“The Sweetness as Transgression”
Por Natalia Llorens
In Joachim Lafosse’s filmography, accustomed to probing the most uncomfortable fissures of family and social life, there is rarely much room for lightness. His previous films made that painfully clear: the erosion of love in After Love, the fragility of the mind in The Restless, or the corrosive silences in A Silence. Yet Six Days in Spring stands out as a luminous parenthesis, an intimate act of rebellion that, without denying the painful backdrop of its characters, invites us to look at life with a yearning for calm and sweetness.
The protagonist, Sana, embodies this search for respite. A separated mother, she decides to take her twin boys on an improvised holiday to the French Riviera.
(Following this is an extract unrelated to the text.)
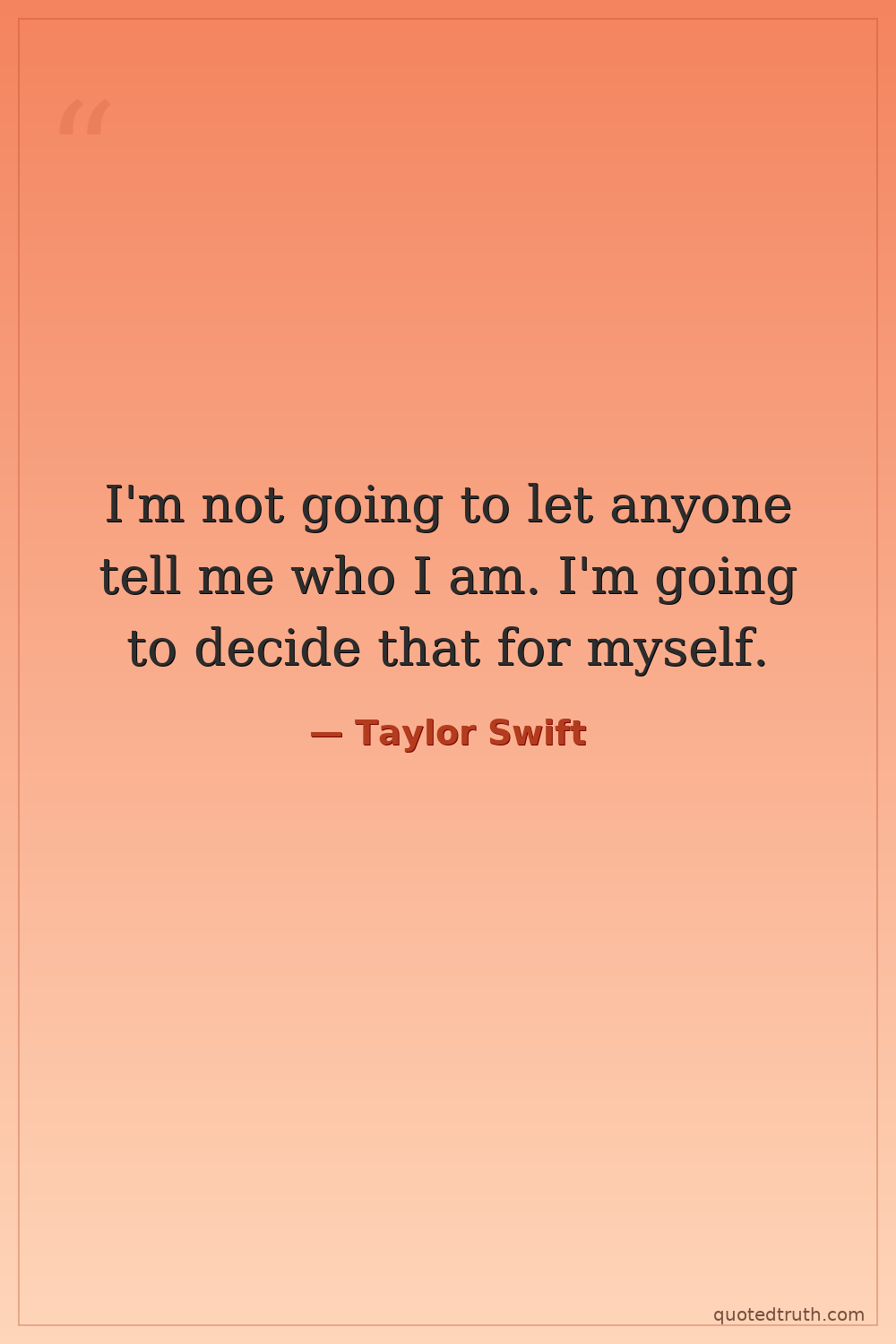 I'm not going to let anyone tell me who I am. I'm going to decide that for myself.
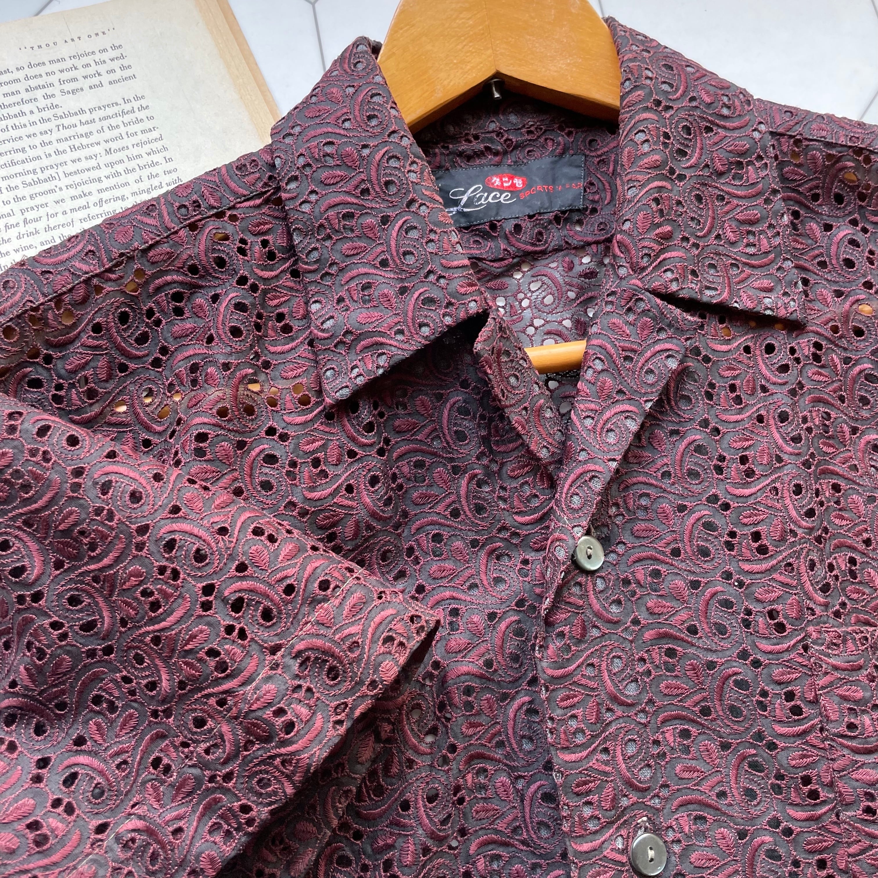 burgundy lace sheer shirt 〈レトロ古着 バーガンディー 総レース シアーシャツ ボルドー〉

The unsettling detail is that the chosen place is no ordinary site: it is the villa of her former in-laws, a space that once belonged to her in some way but is now forbidden. This temporary appropriation of someone else’s home sets up a moral tension from the start. The trip is not a simple vacation but rather a kind of covert occupation, a transgression paradoxically cloaked in maternal tenderness.
The film finds its strength precisely in that contrast. On one hand, it offers the children the illusion of an idyllic holiday, with sea, sun, and play. On the other, everything unfolds under the constant threat of being discovered—by a nosy neighbor, a relative, or the law itself—who might shatter the fantasy. Happiness thus appears as a fragile, fleeting, and almost clandestine good. Lafosse seems to suggest that freedom, at times, can only be experienced under precarious conditions, hiding from a world that constantly reminds us of our place.
Beyond its anecdotal surface, Six Days in Spring poses a reflection on class, belonging, and exclusion. Sana and her children are alien bodies in a space designed for others. The villa, with all its luxury, is both refuge and prison: the stage for a possible happiness, but one always under surveillance. The protagonist’s race and economic condition, though never explicitly emphasized, become factors that place her at the margins of a bourgeois universe to which she once had access. In this sense, the fiction engages in dialogue with the director’s own lived experiences, as he acknowledges drawing from personal memories to shape the story.
The character of Jules, Sana’s new partner, adds another subversive layer. A young white man, perceived by the twins as merely a family friend, he embodies a double intrusion: that of the lover entering the family’s intimacy and that of the outsider inhabiting a house that does not belong to him. His presence underscores the instability of the situation while also raising questions about how affections are rebuilt after a breakup and what place remains for new bonds in a space saturated with memories.
The story unfolds as a collective coming of age. The twins begin to sense that adulthood is built upon secrets, white lies, and risky decisions. Sana, in turn, realizes that her freedom as a woman and mother is conditioned by rules she does not always wish to obey. And Lafosse, ultimately, seems to be testing a new tone in his career, stepping away from oppressive dramatism to explore a narrative touched by lightness, though without abandoning underlying tension altogether.
The result is a film that understands spring not only as a season but as a metaphor. It is the time of renewal, of beginnings, of flowers that bloom even in barren soil. The six-day escapade is not a heroic act nor a definitive gesture of redemption. It is, rather, an attempt to capture a fragile happiness, knowing full well it will eventually collapse. Yet in that fragility lies its beauty: the possibility of savoring the ephemeral, of accepting that even if paradise is borrowed and has an expiration date, it is still worth living.